Schematic representation of the micro‐proteomics workflow. (A) Overview of the “one pot” lysis and digestion method. The single worm is placed in a microfuge tube containing lysis buffer and lysed in a sonication water bath. Extracted proteins are reduced and alkylated, then subjected to double digestion using trypsin and lys‐C. (B) Schematic representation of the iterative data acquisition. The proteolytic peptides are divided into three aliquots. The first is analyzed by LC‐MS/MS using standard data‐dependent acquisition and the identified peptides are used to generate an exclusion list. The second aliquot is analyzed using data‐dependent acquisition with the exclusion list generated above. Finally, the third aliquot is analyzed using data dependent acquisition with the concatenated exclusion list from DDA1 and DDA2.
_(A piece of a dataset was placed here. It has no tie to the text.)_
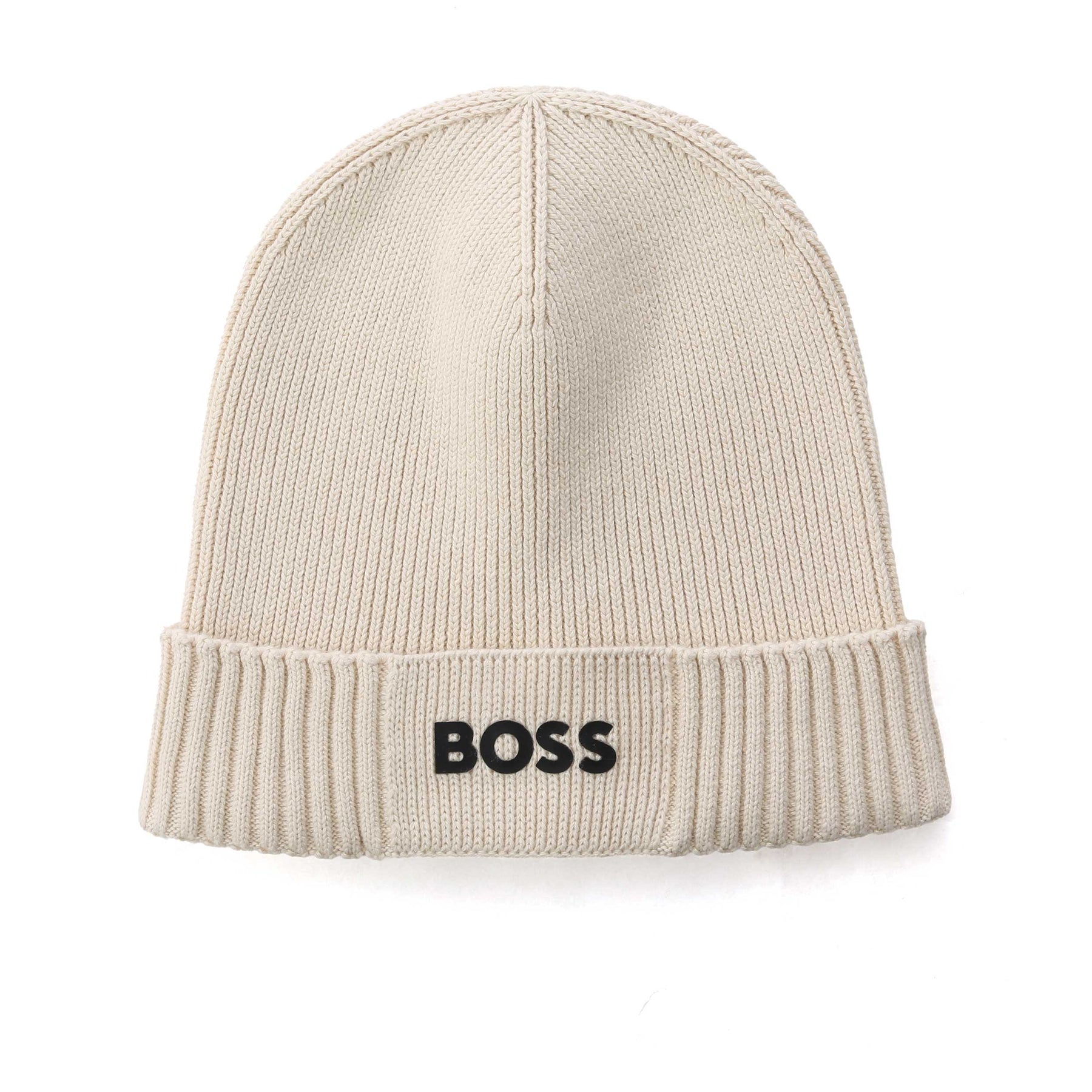 BOSS Asic Beanie X in Open White. This BOSS beanie hat arrives in a wool blend with a classic ribbed design. The turnover features a rubber BOSS logo.
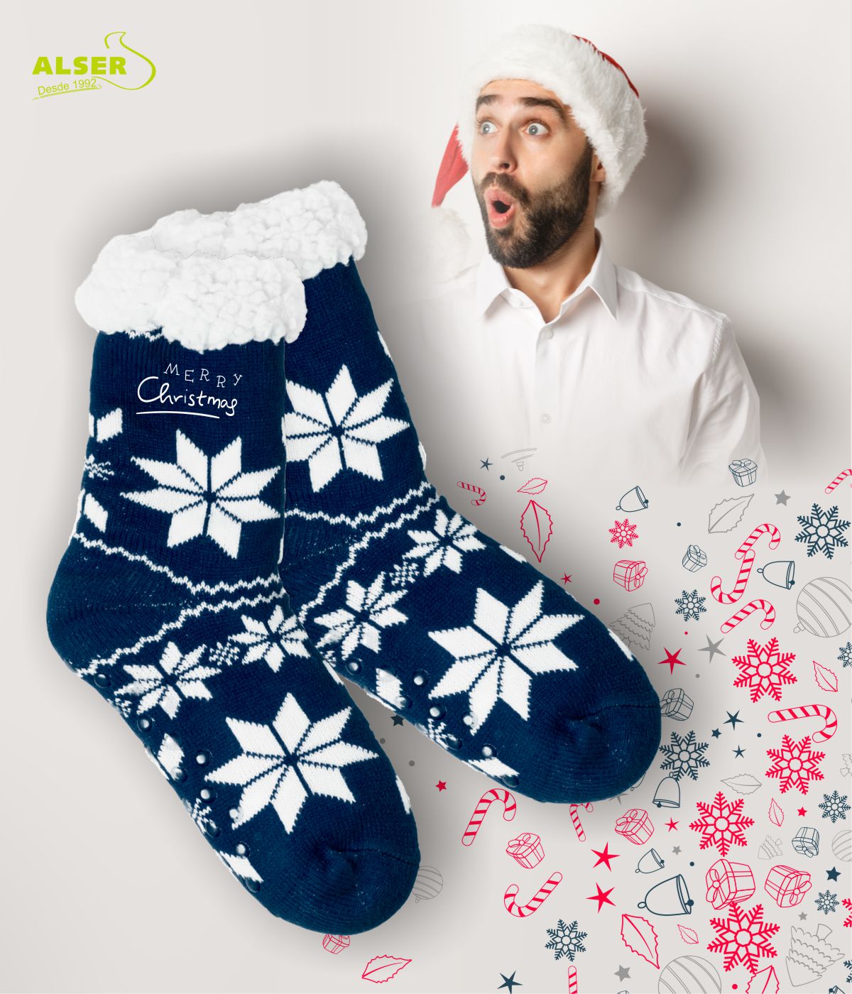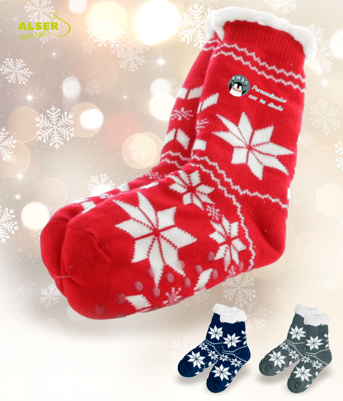 Porque son como un abrazo para los pies, porque su diseño antideslizante nos deja disfrutar sin preocupaciones y porque cada vez que alguien los use, tu marca estará ahí, recordándoles esos momentos acogedores que hacen la Navidad tan especial. 🎅

After the single nematode sample preparation workflow was optimized, different acquisition methods were evaluated to maximize the number of peptides sequenced and thus of proteins identified. Single injection and long non‐linear gradients were evaluated (data not shown), along with iterative data‐dependent acquisition (DDA), which increased identification of peptides and proteins (>3000 proteins). The tryptic hydrolysates were redissolved in 50 μL of 5% formic acid (v/v) and divided into three separate injections (summarized in Fig. 1B). The first injection (15 μL) was analyzed using a 4 h gradient and standard DDA method, with the 15 most intense peptides selected for HCD‐MS/MS events. The raw data from the first injection were processed to identify peptides and proteins using MaxQuant 22, 23. Peptides identified in the first step were compiled into an exclusion list and used to avoid sequencing the same peptides in the second data acquisition step analysing a second aliquot. A combined exclusion list was then employed when analysing a third aliquot. This iterative data analysis method improves both the total number and the dynamic range of expression levels of the proteins identified. Due to the random sampling effect in DDA, the total number of peptides identified is increased with additional replicate analysis compared to a single injection. However, there is a further increase in the total number of peptides identified from informed (or iterative) data acquisitions (Supporting Information Fig. 2). While the data demonstrate a clear, albeit small, advantage of using exclusion lists for iterative data analysis, this is currently limited by the size of the exclusion lists that are allowed. We anticipate the benefit of this strategy could increase even more in the future if technical improvements in instrumentation and software allow the construction of more comprehensive exclusion lists.

Figure 2.

Figure 2

Summary of micro‐proteomics results. (A) Venn diagram comparing the proteins identified from three individual worms using the micro‐proteomics workflow and iterative data acquisition. (B) Distribution of protein intensities in the single worm dataset.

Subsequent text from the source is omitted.